Fau's Ca-Ai makes AI smarter by cleaning up bad data before learning

Machine Learning


Smarter AI, AI


In the world of machine learning and artificial intelligence, clean data is everything. Even examples with a few false labels known as label noise can derail the performance of the model, especially the Support Vector Machine (SVM), which rely on some important data points to make decisions.

SVMS is a widely used machine learning algorithm that applies to everything from image and speech recognition to medical diagnosis and text classification. These models work by finding boundaries that best separate data from different categories. They rely on a small but important subset of training data known as support vectors to determine this boundary. If these few examples are incorrectly labeled, the resultant decision boundaries are flawed and the performance of the actual data will be degraded.

Now, a team of researchers from Florida Atlantic University and collaborators' Center for Connected Atonomy and Artificial Intelligence (CA-AI) within the University of Engineering and Computer Science has developed an innovative method to automatically detect and remove failed labels before the model is trained. Before AI begins learning, researchers use mathematical techniques to clean the data, looking for strange or unusual examples that don't suit them at all.

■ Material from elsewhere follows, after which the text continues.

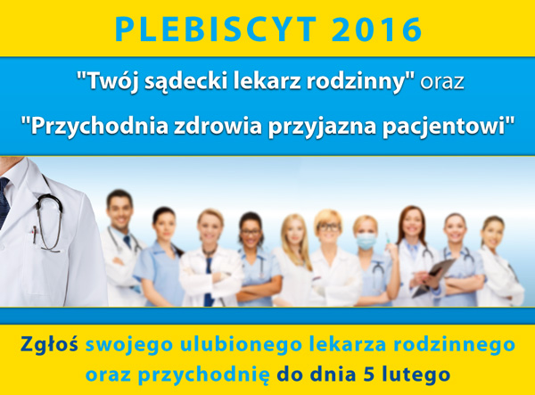 Fundacja Sądecka i portal Sądeczanin.info zapraszają do udziału w plebiscycie Twój sądecki lekarz rodzinny, Przychodnia zdrowia przyjazna pacjentowi Plebiscyt odbywać się będzie w dwóch kategoriach: „Twój sądecki lekarz rodzinny” i „Przychodnia zdrowia przyjazna pacjentowi”. Plebiscyt obejmuje swoim zasięgiem miasto Nowy Sącz oraz powiat nowosądecki. Na zgłoszenia kandydatur czekamy do 5 lutego 2016 r. Kandydatury można przesłać […]

These “outliers” are removed or flagged to ensure that AI gets high quality information from the start.

“SVM is one of the most powerful and widely used classifiers in machine learning, with applications ranging from cancer detection to spam filtering,” says Schmitris Pados, PhD, Schmidt's renowned Engineering and Computer Science, Professor of Engineering and Computer Science, Faculty of Engineering and Computer Science, CA-AI and FAU Sensing Institute (I-sense Instity). “Although it is particularly effective, there are unique vulnerabilities, it relies on a small number of key data points called support vectors to attract lines between different classes. For example, if a malignant tumor is mismarked, if it is mismarked, then it misunderstands whether it is misunderstanding the model's misconception. Our job is to protect the model from these hidden dangers before harming these mislabeled cases.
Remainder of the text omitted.